The propaganda does not work and neither do the explanations that degradation in support of fusion is related to external reasons, like excessive oil supply, budget deficit, etc., as we heard from our leaders during the previous Snowmass meeting. Soon after those explanations during the energy "crisis" in California and when the gas prices doubled in Illinois, we watched as no one recalled fusion as a potential energy source. Also the recent budget surplus has bypassed fusion.

New expectations are emerging inside the US fusion community in conjunction with a chance of rejoining the "small" ITER. The hopes are expressed that ignition achieved either with ITER or with a smaller ignition experiment will magically reposition the fusion in the eyes of the society and then give a new momentum to the program.

Still our hopes of a future success in fusion will remain futile until the reasons why fusion is not accepted as a potential energy source (and, in fact, has lost interest of its former supporters) are recognized and until the appropriate strategy is determined.  ITER, a result of 15 year work by international team, serves as a good reference basis for the analysis.

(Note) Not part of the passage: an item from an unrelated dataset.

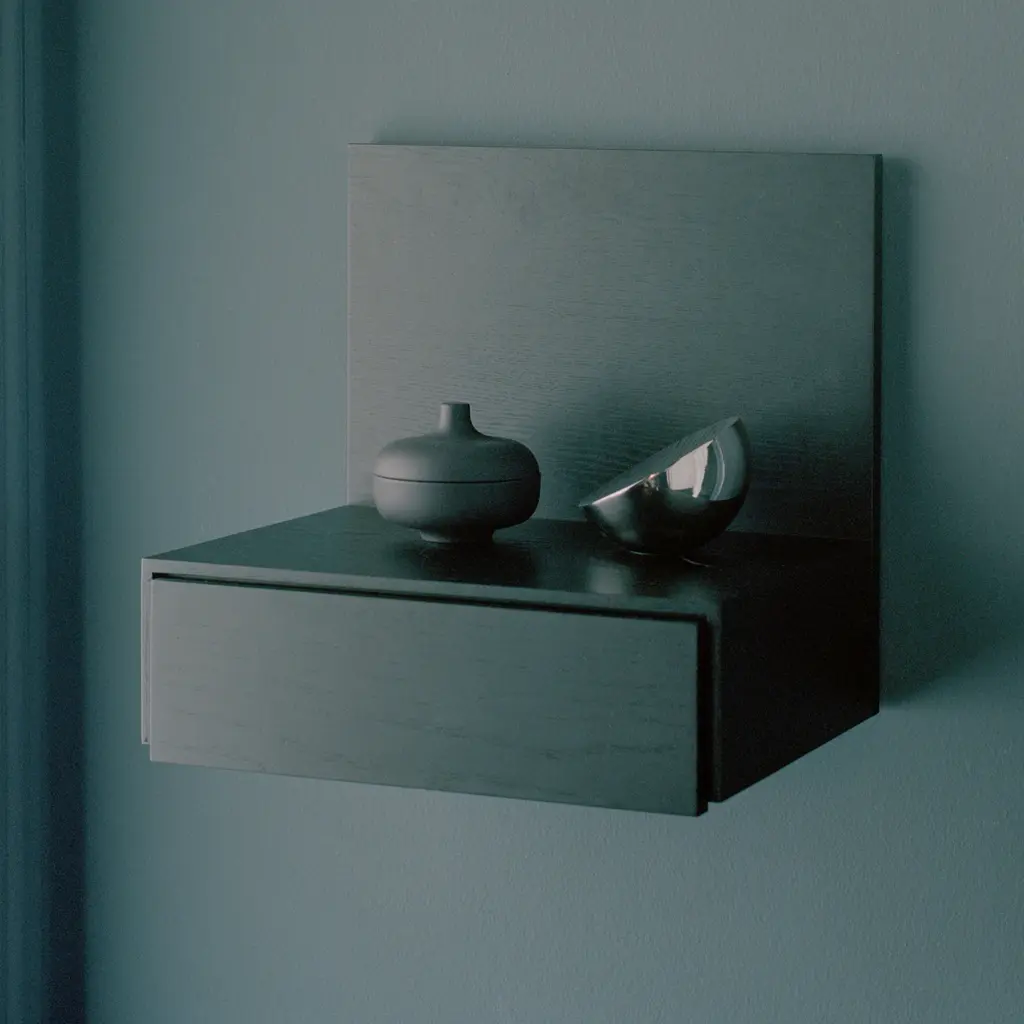 Enhance your bedroom with the Tana Wall Mounted Nightstand from New Works, designed by Rikke Rützou Arnved. This piece features a minimalist design with clean lines and no visible handles, maintaining a sleek appearance. Crafted from high-quality oak or walnut, it offers a floating surface perfect for essentials and a discreet drawer for additional storage. The horizontal surface provides a ledge for items, while the vertical panel frames them elegantly. Ideal for various settings, it serves as a stylish storage solution next to a bed, sofa, or in an entryway.

TFTR, JET and JT-60 have culminated the plasma physics stage in fusion. Designed in late 70s - early 80s they provided the access to the fusion grade plasma and calibrated the plasma theories. Although a little bit short in the reactor physics achievements (the breakeven was not reached with a good margin) they (together with smaller experiments) gave a background physics for the future reactor development.

The next step in fusion is the first step into reactor physics. It has a different logic than plasma physics experiments. Costly and not flexible for experimentation, with activation of critical structural elements, the next step should be made within a transparent strategy leading to a competitive fusion reactor. We have no such strategy. All the proposed next step machines are based on ideas formulated in the early 80s and essentially mimic the big plasma physics experiments.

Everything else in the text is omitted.